* [WHAT TO WORK ON] Retype the lines below exactly, but only those from the line that has "2.474 | 107 | 3 |" through the line that has "La tela base". Omit every picture.

* [TASK MATERIAL]
== == ==

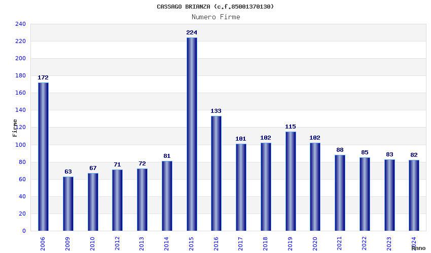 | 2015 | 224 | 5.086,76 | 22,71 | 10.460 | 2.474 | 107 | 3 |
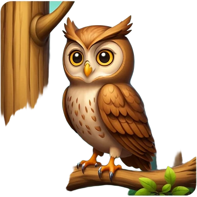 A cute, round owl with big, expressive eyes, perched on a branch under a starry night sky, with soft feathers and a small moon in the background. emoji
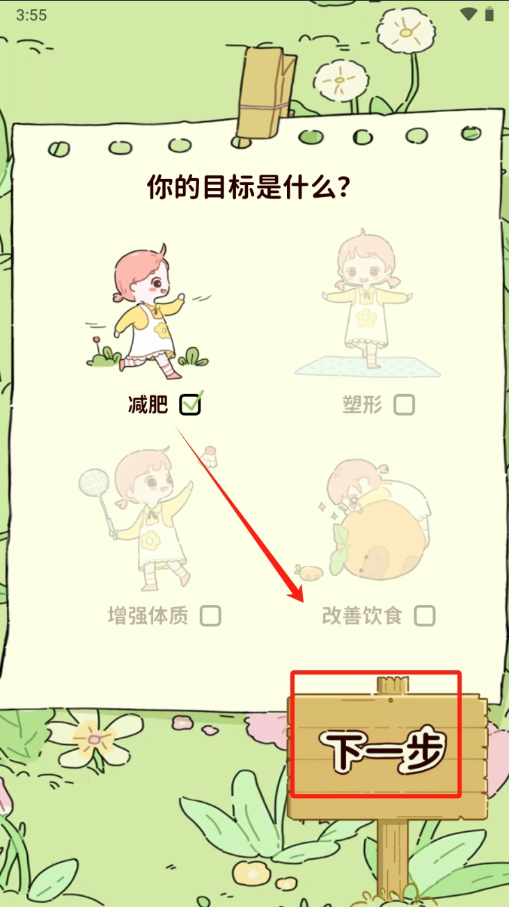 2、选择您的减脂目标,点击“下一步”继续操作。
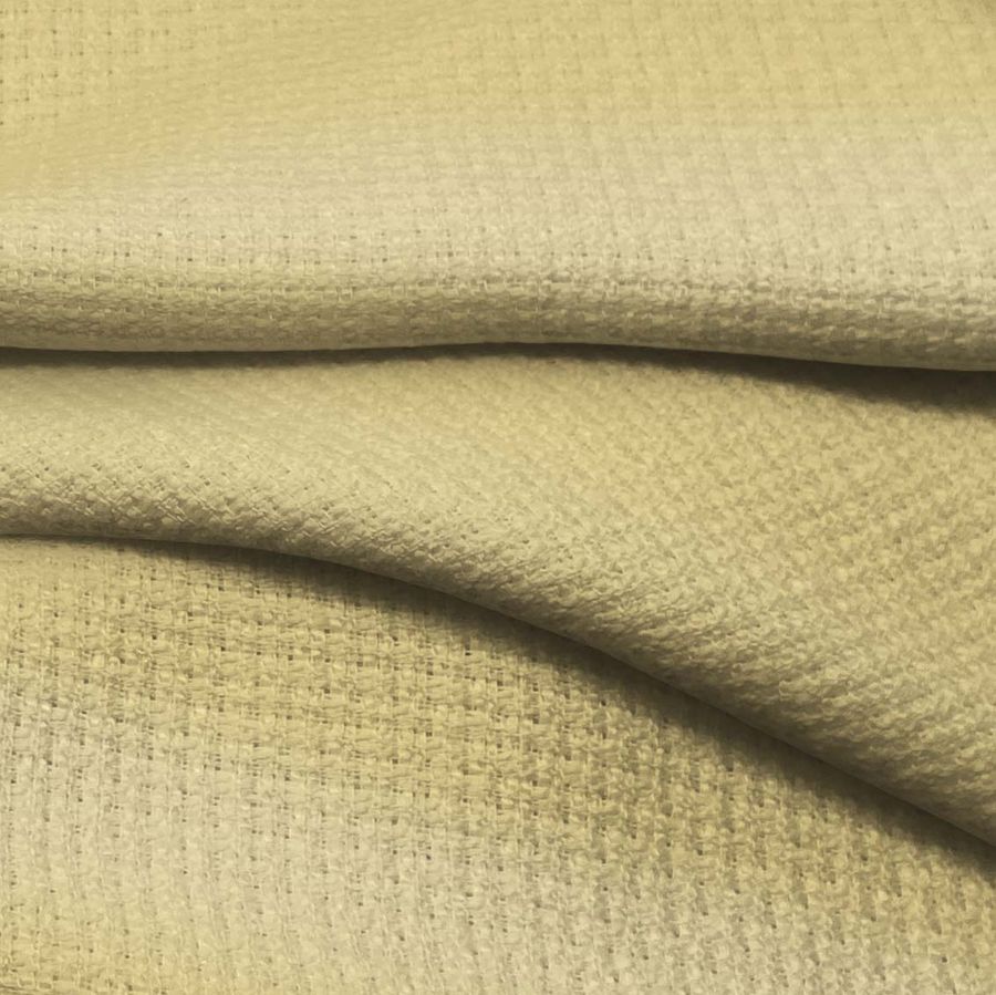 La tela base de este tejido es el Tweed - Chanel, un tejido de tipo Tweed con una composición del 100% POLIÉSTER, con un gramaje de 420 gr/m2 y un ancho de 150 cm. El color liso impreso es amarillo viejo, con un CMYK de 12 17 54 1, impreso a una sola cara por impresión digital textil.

== == ==

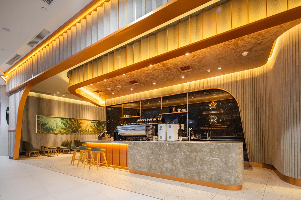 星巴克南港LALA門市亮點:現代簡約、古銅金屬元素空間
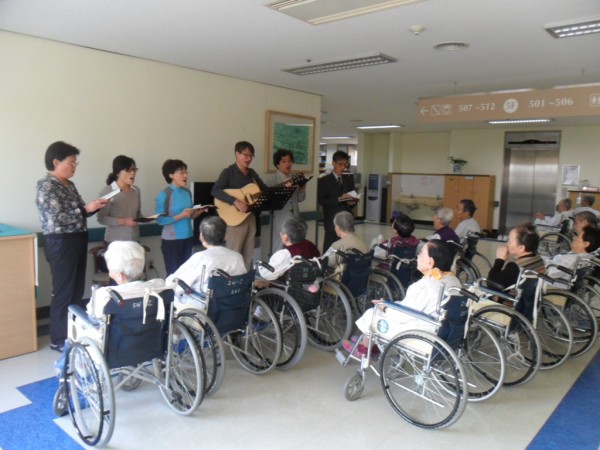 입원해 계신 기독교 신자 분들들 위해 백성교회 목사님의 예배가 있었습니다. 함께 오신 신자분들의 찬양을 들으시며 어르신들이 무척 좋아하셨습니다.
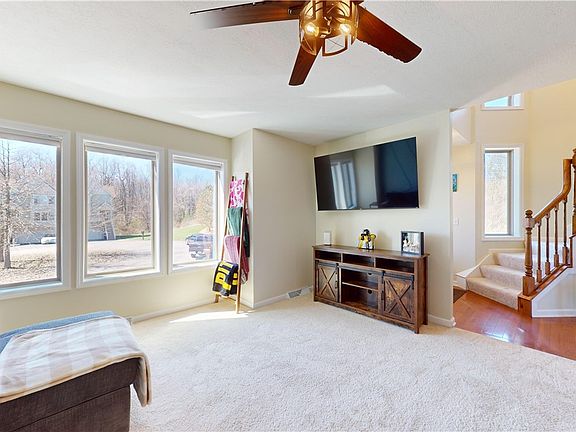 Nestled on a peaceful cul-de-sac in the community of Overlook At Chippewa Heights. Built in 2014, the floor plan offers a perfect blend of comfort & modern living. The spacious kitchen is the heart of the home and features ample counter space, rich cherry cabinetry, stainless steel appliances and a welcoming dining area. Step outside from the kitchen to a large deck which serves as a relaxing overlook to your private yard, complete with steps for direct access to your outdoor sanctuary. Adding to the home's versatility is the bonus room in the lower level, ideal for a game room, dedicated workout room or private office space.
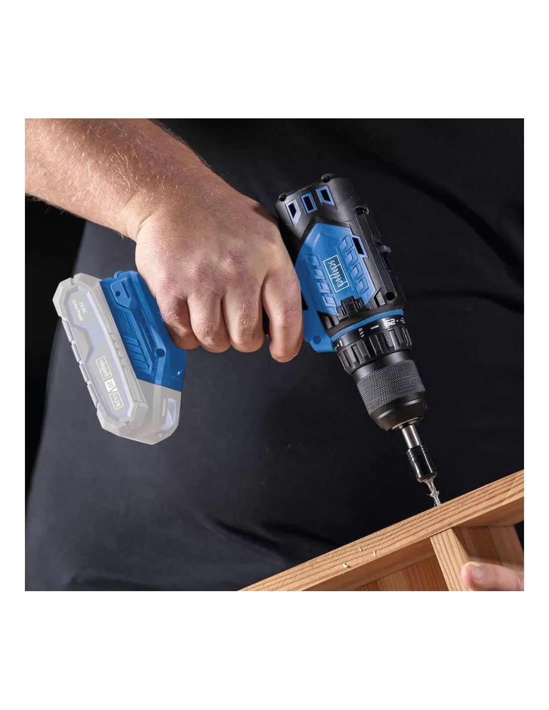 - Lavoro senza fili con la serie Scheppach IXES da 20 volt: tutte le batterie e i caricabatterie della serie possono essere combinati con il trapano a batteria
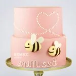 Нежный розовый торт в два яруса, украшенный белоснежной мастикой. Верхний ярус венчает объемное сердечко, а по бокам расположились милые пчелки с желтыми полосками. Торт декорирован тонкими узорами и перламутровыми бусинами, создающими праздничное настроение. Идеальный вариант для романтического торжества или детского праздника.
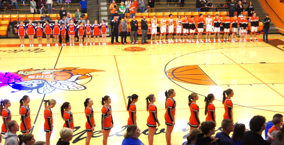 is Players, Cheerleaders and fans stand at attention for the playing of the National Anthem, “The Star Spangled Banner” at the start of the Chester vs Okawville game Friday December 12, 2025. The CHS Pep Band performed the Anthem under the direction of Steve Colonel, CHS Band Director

== == ==

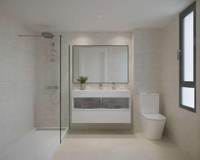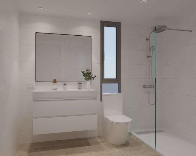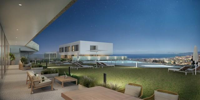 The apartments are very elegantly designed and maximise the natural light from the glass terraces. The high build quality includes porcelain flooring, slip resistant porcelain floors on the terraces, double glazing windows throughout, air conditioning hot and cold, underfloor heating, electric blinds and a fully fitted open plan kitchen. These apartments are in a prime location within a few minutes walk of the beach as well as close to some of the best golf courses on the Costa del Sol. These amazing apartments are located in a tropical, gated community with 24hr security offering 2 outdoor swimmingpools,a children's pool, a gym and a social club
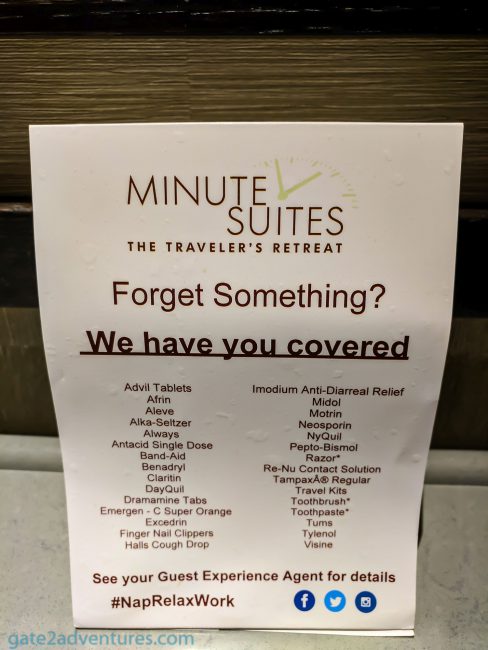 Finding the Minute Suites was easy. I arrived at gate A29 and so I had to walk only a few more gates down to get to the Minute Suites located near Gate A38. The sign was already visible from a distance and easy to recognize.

== == ==

* [EXPECTED ANSWER]
 | 2015 | 224 | 5.086,76 | 22,71 | 10.460 | 2.474 | 107 | 3 |
 A cute, round owl with big, expressive eyes, perched on a branch under a starry night sky, with soft feathers and a small moon in the background. emoji
 2、选择您的减脂目标,点击“下一步”继续操作。
 La tela base de este tejido es el Tweed - Chanel, un tejido de tipo Tweed con una composición del 100% POLIÉSTER, con un gramaje de 420 gr/m2 y un ancho de 150 cm. El color liso impreso es amarillo viejo, con un CMYK de 12 17 54 1, impreso a una sola cara por impresión digital textil.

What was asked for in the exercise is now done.